Bank runs and information cascades in distributed systems follow identical mathematical dynamics governed by the SIR epidemic equation: dI/dt = β · I · (N - I) / N. Information spreading and financial contagion produce the same S-curve, critical thresholds, and absorbing states — one converging on coordinated truth, the other on collective collapse. The key difference is not the mathematics but the absorbing state: what the system stabilizes toward when cascading stops.
The Equation
The SIR epidemic model describes how something spreads through a population of N agents:
dI/dt = β · I · (N - I) / N
Where I is the number of "infected" agents, β is the transmission rate (contact rate times infection probability), and (N - I) is the susceptible population. The shape is always the same: slow start, exponential middle, saturation at the end. An S-curve.

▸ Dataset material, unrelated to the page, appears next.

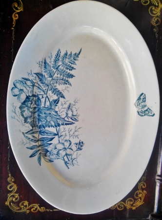 Bandeja de cerámica de Sandeman Macdougal, con dibujos vegetales y una mariposa. Medidas 35´5 x 26cm.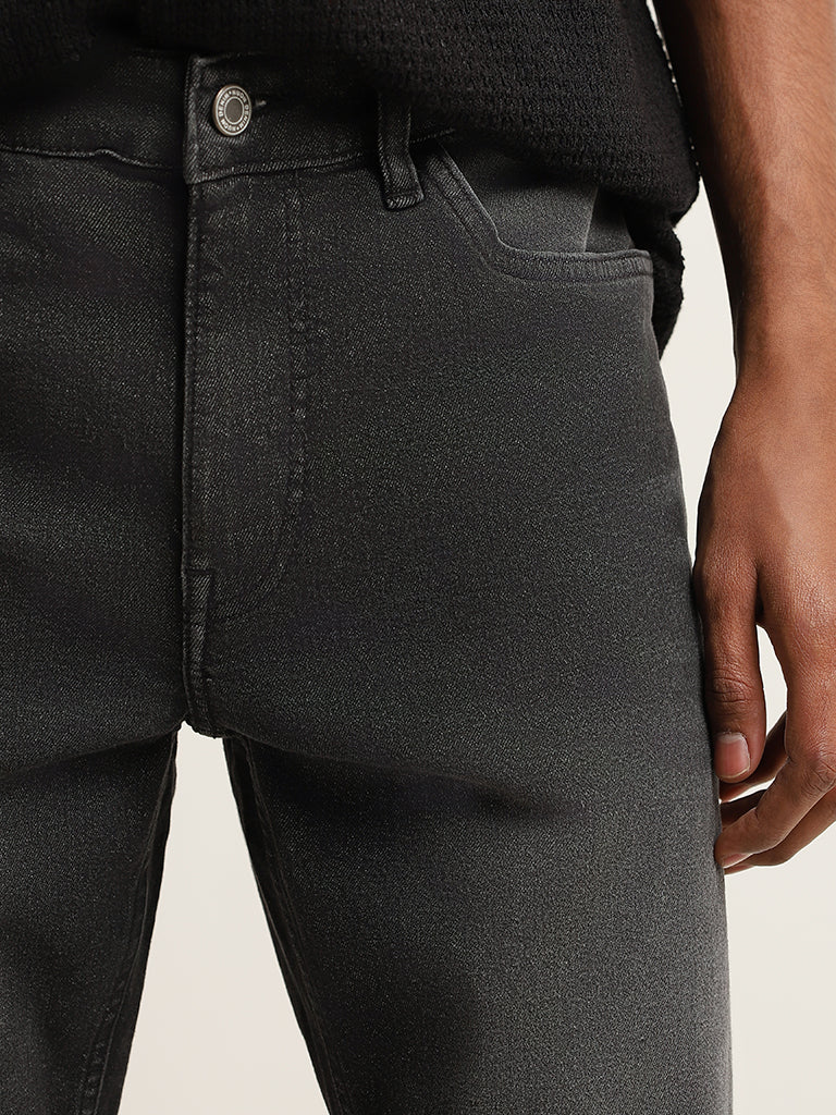 Black straight-fit jeans with five pockets, mid rise, faded effect, front button fastening by Nuon.

In gossip protocols (SWIM, epidemic broadcast, anti-entropy), I counts processes that have received an update. A node picks a random peer, sends the update, the peer becomes informed. β is determined by the gossip fanout and communication frequency. The absorbing state — where the system stabilizes — is full convergence. Everyone knows the truth.
In liquidity spirals (Brunnermeier-Pedersen, 2009), I counts institutions under distress. A forced seller dumps assets, depressing prices, which erodes collateral at other institutions, forcing more sales. β is determined by leverage ratios and market depth. The absorbing state is market breakdown.
Same equation. Same S-curve. Opposite outcomes.
Side by Side
| Property | Gossip Protocol | Liquidity Spiral |
|---|---|---|
| Spreading agent | Informed node | Distressed institution |
| Transmission mechanism | Random peer contact, send update | Forced sale depresses collateral, triggers margin call |
| β (transmission rate) | Fanout × message frequency | Leverage ratio × (1 / market depth) |
| Susceptible population | Nodes that haven't received update | Institutions with leveraged positions |
| Absorbing state | Full convergence (everyone informed) | Market breakdown (everyone liquidating) |
| Outcome | Good — truth propagates | Bad — distress propagates |
| Speed at inflection | O(log N) rounds | Days to hours (Bear Stearns: 10 days, Lehman: 1 week) |
The structural parallel is striking. Both are contact processes on a network. Both exhibit the characteristic exponential acceleration near I = N/2, where the product I(N-I) is maximized. In gossip, this is the moment when information spreads fastest — half the network is informed and eagerly sharing with the uninformed half. In a liquidity crisis, this is the moment of maximum panic — enough institutions are distressed to drag down the rest, but enough remain standing to be dragged.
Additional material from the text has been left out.